Christmas & Harry Potter...
Ceridwen
ceridwennight at hotmail.com
Wed Nov 30 00:55:29 UTC 2005
No: HPFGUIDX 143719
Christina:
> >
> > As for the celebration of Christmas, I have a feeling it is
celebrated
> > in the wizarding world as a cultural/commercial holiday rather
than a
> > religious one.
Amontillada:
> I agree. Like you, I don't know anything about the cultural/public
> atmosphere of the Christmas season in the UK. But I do know that
> British (and hence Anglo-American) traditions of the Christmas
seasons
> developed from Midwinter traditions as well as Christian religious
> observations.
Ceridwen:
I think I'll have to go along with the suggestion at the Red Hen
site. The WW has closed itself off from the Muggle world for no more
than a few hundred years, not a long time in a society where
Dumbledore lives to be nearly 160, and one of the people who tested
him in his O.W.L.s is still testing students. Before the split, they
probably shared certain cultural things in common with their Muggle
neighbors, including religion... Well, as long as the religion
wasn't making witches and wizards the enemy du jour. I'd expect that
it's the same in every country, region and culture where the WW
exists. Someone else said the same thing, so at least I don't feel
lonely! Once the WW has closed itself culturally from the Muggle
world, then perhaps other traditions have developed.
Christina:
> > Although, doesn't Sirius sing, "God Rest Ye Merry Hippogriffs"
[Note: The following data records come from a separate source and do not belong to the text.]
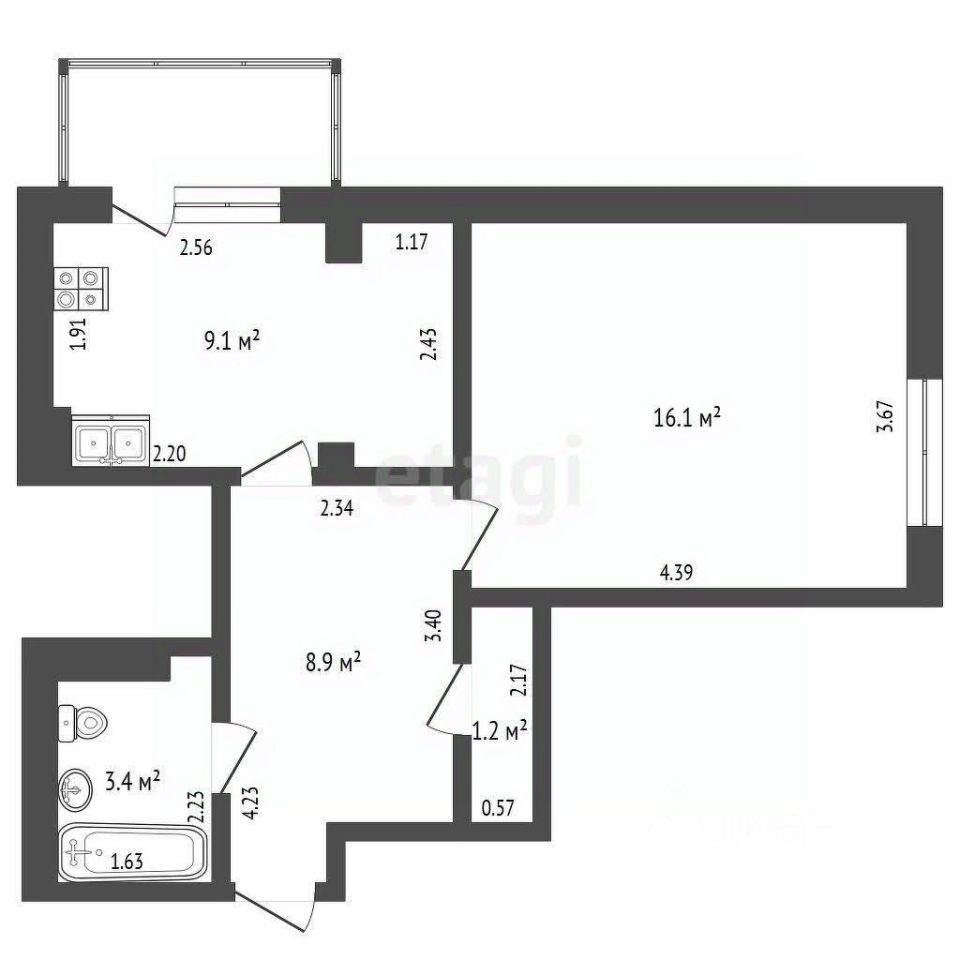 Кухня - 9,1 м кв, с кухни выход на лоджию ~ 4 м кв
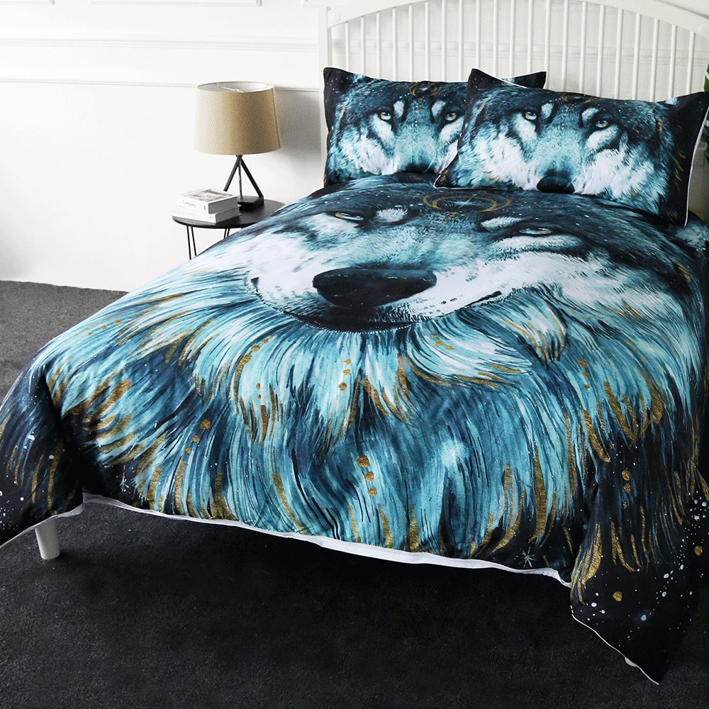 Постельное белье для девочки волк в темноте от Сканди, синее Золотое покрывало, роскошный комплект постельного белья с галактикой, покрывала с животными, королевский комплект из 3 предметов
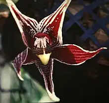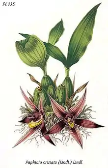 Paphinia cristata is a species of the orchid genus Paphinia and the type species of this genus. It is endemic to northern South America and the island of Trinidad. Its 1 to 3 flowered pendant inflorescence carries large, deep-red flowers. The species was published in 1843 in Edwards's Botanical Register 29: misc. page 14.[1]
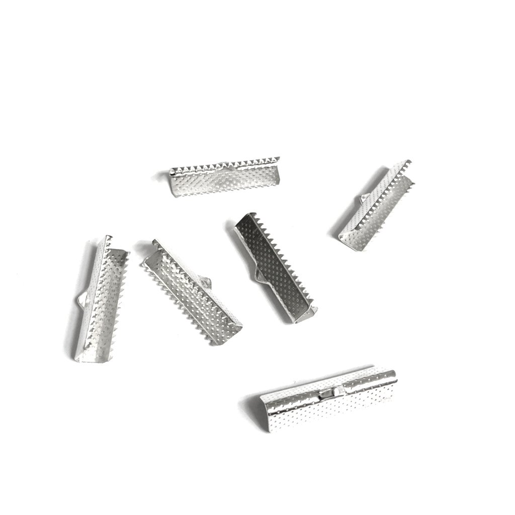 Silvery metal ribbon clamps – size 6 x 20 mm – 6 pieces
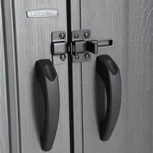 The side mate 4×8 vinyl shed is an easy-to-assemble outdoor storage solution designed to be placed on the side of your home. The contemporary design beautifies any backyard while maximizing storage space for yard tools or garden equipment. Constructed of durable all weather vinyl in a neutral ivory color, the side mate vinyl shed is maintenance free. It will never need painting or treating. It will not rust, dent, rot, mildew or fade. It is also fire retardant and much quieter in the rain than metal storage sheds. The wall columns are reinforced with a solid metal structure, giving the vinyl shed a lot of strength and making it easy to hang shelves or garden tools inside. The foundation kit provides a galvanized metal foundation. It eases the installation process, ensures a square shed and elevates your floor off the ground. With the foundation kit you’ll be able to build your shed the day you receive it.
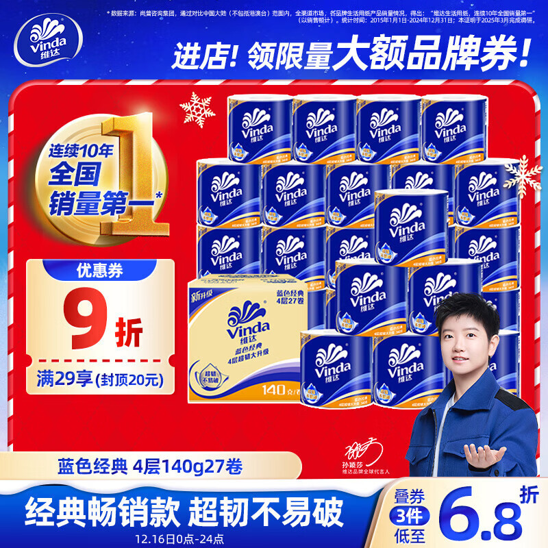 维达(Vinda)有芯卷纸【孙颖莎推荐】蓝色经典4层140克*27卷 卫生纸纸巾 整箱

> > when he hears that he'll have company for Christmas?
Amontillada:
> Perhaps somehing that he heard during his youth; or, as you
speculate,
> it might be his own parody to the traditional English carol "God
Rest
> Ye Merry Gentlemen." If nothing else, he might have overheard some
> Muggles singing that as they walked through Grimmauld Place (not
> seeing the Black house, of course).
Ceridwen:
Recently, fun has been poked at a church in Wales which has replaced
the word 'Gentlemen' with the word 'Persons' (or was it 'People'?).
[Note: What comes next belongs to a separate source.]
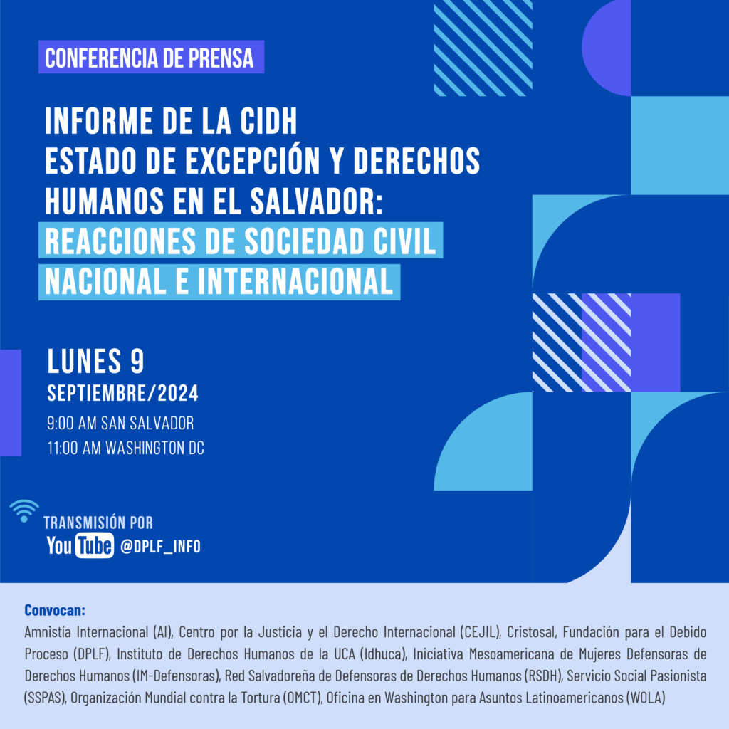Organizaciones nacionales e internacionales de derechos humanos convocamos a una conferencia de prensa para abordar el reciente informe de la Comisión Interamericana de Derechos Humanos (CIDH) titulado “Estado de excepción y derechos humanos en El Salvador”. Ver grabación de la conferencia aquí. Este encuentro se realizó el lunes 9 de septiembre de 2024, a las 9:00 […]
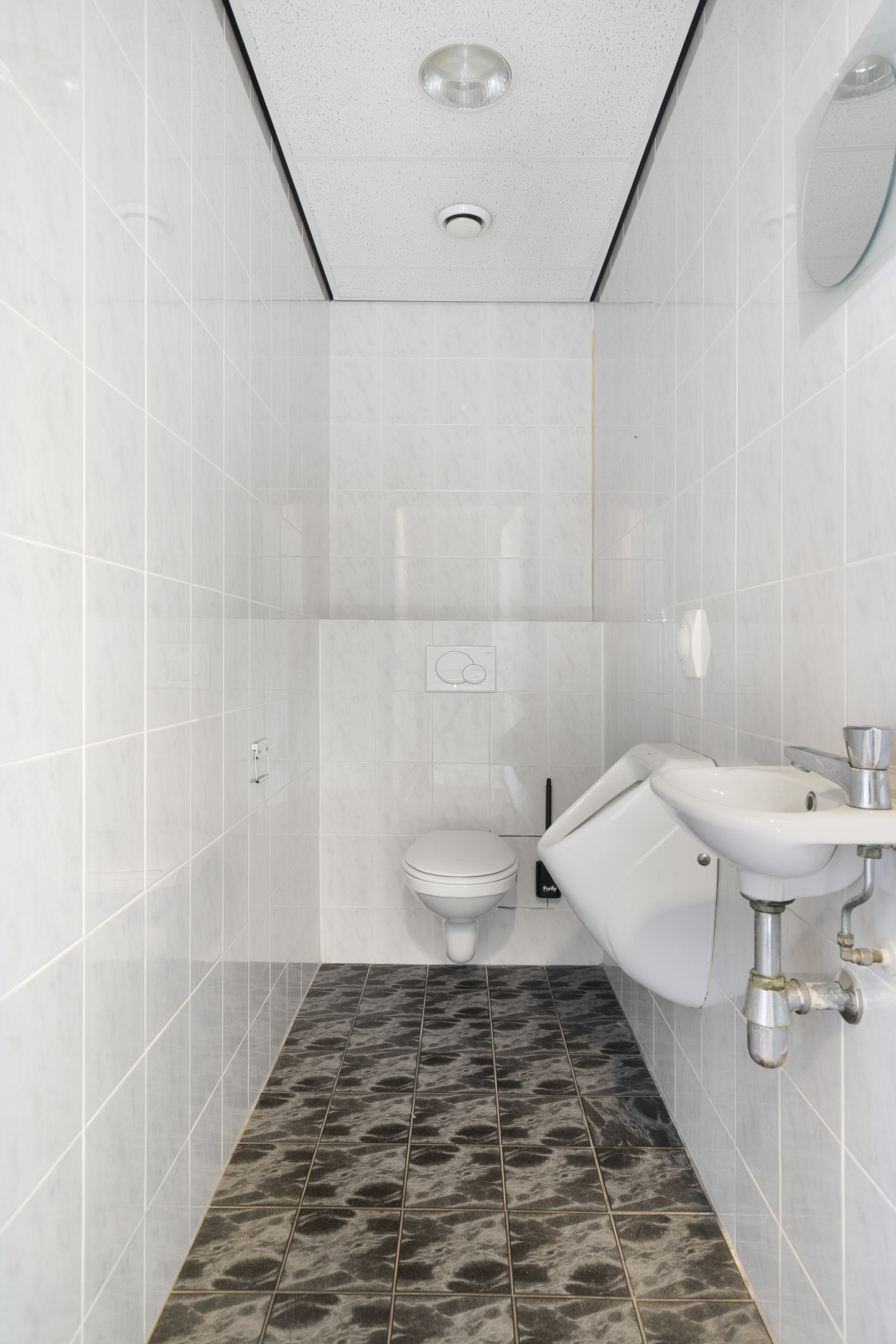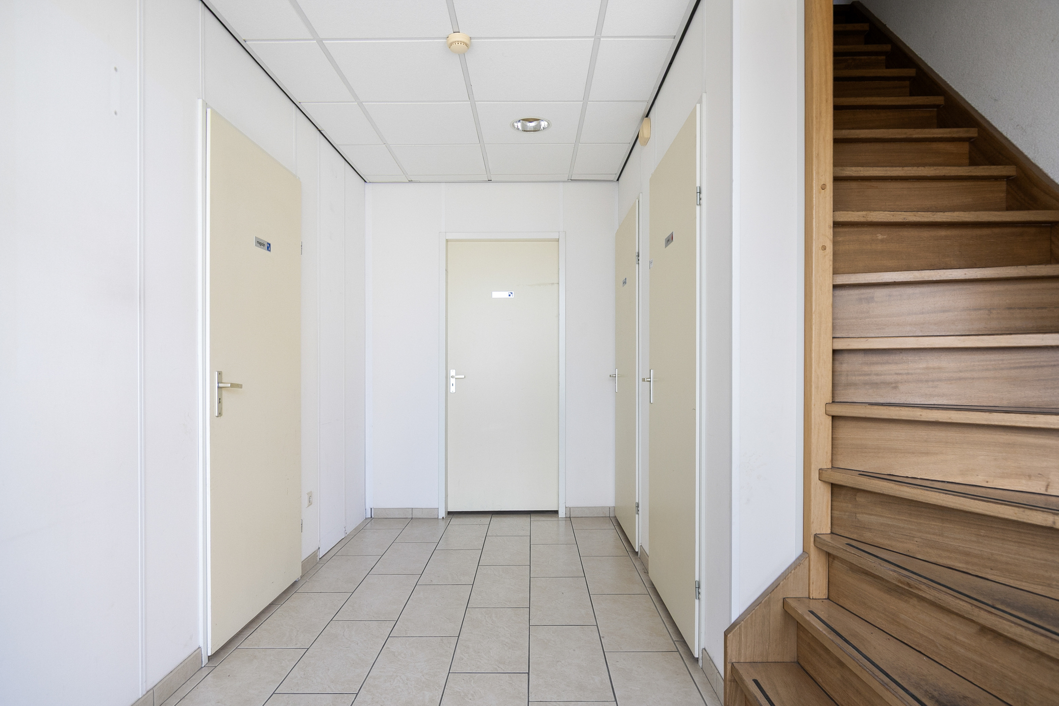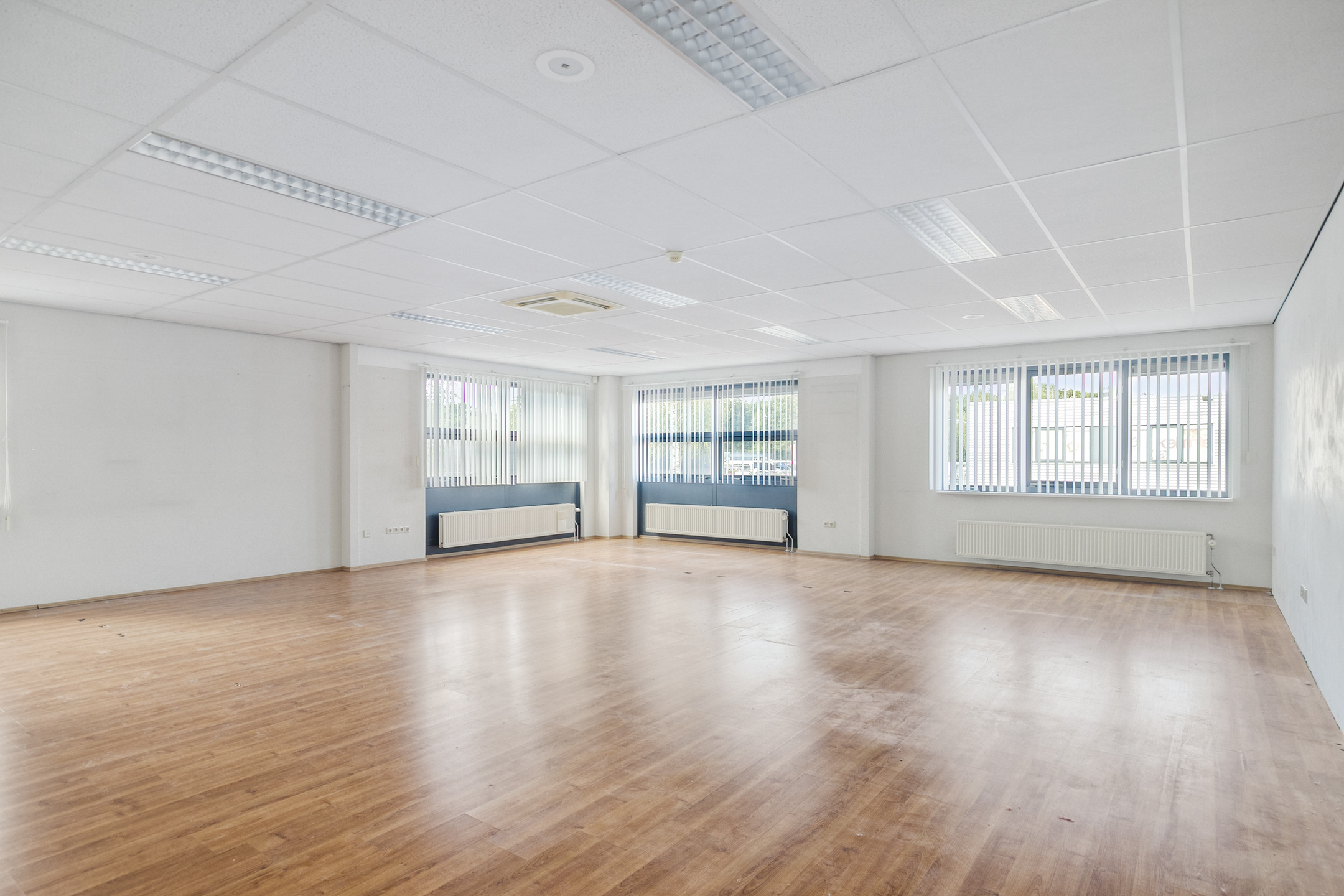 De kantoorruimte op de verdieping beschikt over een laminaatvloer, deels gecombineerd met een tegelvloer, een systeemplafond met inbouwarmaturen en een keukenopstelling. Tevens is de kantoorruimte voorzien van een airco-unit, die kosteloos (‘om niet’) ter beschikking wordt gesteld.

Most reports I heard and read said the song is five hundred years
old. If so, it was probably around before the Acts of Secrecy, or
newly out around that time, and could have come into the WW as they
seperated from their Muggle neighbors. For sure, the song was out in
1770, when it appeared in a collection of Christmas songs - link to
info:
http://www.hymnsandcarolsofchristmas.com/Hymns_and_Carols/Notes_On_Car
ols/god_rest_you_merry_notes.htm
Ceridwen, who likes that carol, it's fun to sing.